When a process is moved out of process and new process is bought in for the execution, process context switch happens. Process’s current state is saved before it moves out of the CPU and it is resumed from the point it left once it gets the hold of processor again. Process context switch is an expensive operation and algorithms are developed to minimize this. We will discuss them later.

Understand that in Linux every process except the INIT process has a parent, hence we can take all process in systems as nodes of a tree. INIT is root of that tree. Processes which are children of same parent are called as siblings. Also every process has associated process ID. Since it is 16 bit integer, maximum number of processes we can have in system at a time is around 32K. 
At program level we can easily get the process ID and its parent ID using getpid() and getppid() APIs.

What else is associated with a process? Process has UID which is user ID which own this process; GID group ID which process is running on behalf of. 
A process in memory looks like this:

Creation of a process

How a process is created? Most widely used method to create a process is to use ‘fork’ and ‘exec’ system calls. As mentioned earlier, every process has parent, parent uses fork system call to create exactly same copy of itself. Once new process is scheduled, it can use exec system call to execute any program it wants to.

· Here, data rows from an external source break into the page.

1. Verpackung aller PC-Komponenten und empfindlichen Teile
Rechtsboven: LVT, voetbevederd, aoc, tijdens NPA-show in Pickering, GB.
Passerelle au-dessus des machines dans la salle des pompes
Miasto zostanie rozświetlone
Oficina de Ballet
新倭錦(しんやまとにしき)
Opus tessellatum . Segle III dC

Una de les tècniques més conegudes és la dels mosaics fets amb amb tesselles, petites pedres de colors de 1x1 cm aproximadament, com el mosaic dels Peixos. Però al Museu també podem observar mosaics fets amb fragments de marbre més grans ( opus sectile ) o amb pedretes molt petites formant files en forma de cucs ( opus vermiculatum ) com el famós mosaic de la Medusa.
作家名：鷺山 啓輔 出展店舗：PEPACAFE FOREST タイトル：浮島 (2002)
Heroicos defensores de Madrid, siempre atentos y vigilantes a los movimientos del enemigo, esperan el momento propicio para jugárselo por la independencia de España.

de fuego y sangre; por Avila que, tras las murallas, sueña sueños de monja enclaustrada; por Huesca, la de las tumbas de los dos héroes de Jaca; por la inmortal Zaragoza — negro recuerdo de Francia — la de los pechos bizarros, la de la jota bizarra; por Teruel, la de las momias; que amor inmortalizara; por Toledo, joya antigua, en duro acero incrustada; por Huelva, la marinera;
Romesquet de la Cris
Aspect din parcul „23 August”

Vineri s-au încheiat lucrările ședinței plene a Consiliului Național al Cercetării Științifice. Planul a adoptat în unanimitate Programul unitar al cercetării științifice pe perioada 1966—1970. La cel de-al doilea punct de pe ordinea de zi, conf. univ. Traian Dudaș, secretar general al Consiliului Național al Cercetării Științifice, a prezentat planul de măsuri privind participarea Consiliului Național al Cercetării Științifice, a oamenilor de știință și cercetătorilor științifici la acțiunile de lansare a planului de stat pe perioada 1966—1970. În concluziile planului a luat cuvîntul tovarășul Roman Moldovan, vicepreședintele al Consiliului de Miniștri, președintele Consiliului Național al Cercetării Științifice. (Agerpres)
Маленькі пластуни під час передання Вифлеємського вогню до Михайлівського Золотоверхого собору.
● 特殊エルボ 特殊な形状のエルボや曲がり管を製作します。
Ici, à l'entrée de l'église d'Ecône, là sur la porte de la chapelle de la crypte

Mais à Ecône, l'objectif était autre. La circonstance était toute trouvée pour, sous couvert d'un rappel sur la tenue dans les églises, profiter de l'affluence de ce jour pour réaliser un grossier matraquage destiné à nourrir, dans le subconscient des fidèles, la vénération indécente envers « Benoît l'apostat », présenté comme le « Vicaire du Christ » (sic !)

It is interesting to understand fork system call. It is a call where one process goes in and two come out. They both start there execution from the statement just after fork call (Remember new process is exact copy, hence its PC will be same). How to distinguish between parent and child process? fork comes to rescue there. Call to ‘fork’ return child process’s PID to parent process while zero to child process. By having check on return value of ‘fork’ system call we can figure out which process is parent and which is child.

Now, fork can be a very expensive call as OS has to duplicate whole lot of information, especially the virtually memory and pages currently used by the parent process. There is one concept which is called ‘Copy on Write’, so fork system call will not copy any of the pages till the time one of the process tries to modify the page. This arrangement makes fork system call fast.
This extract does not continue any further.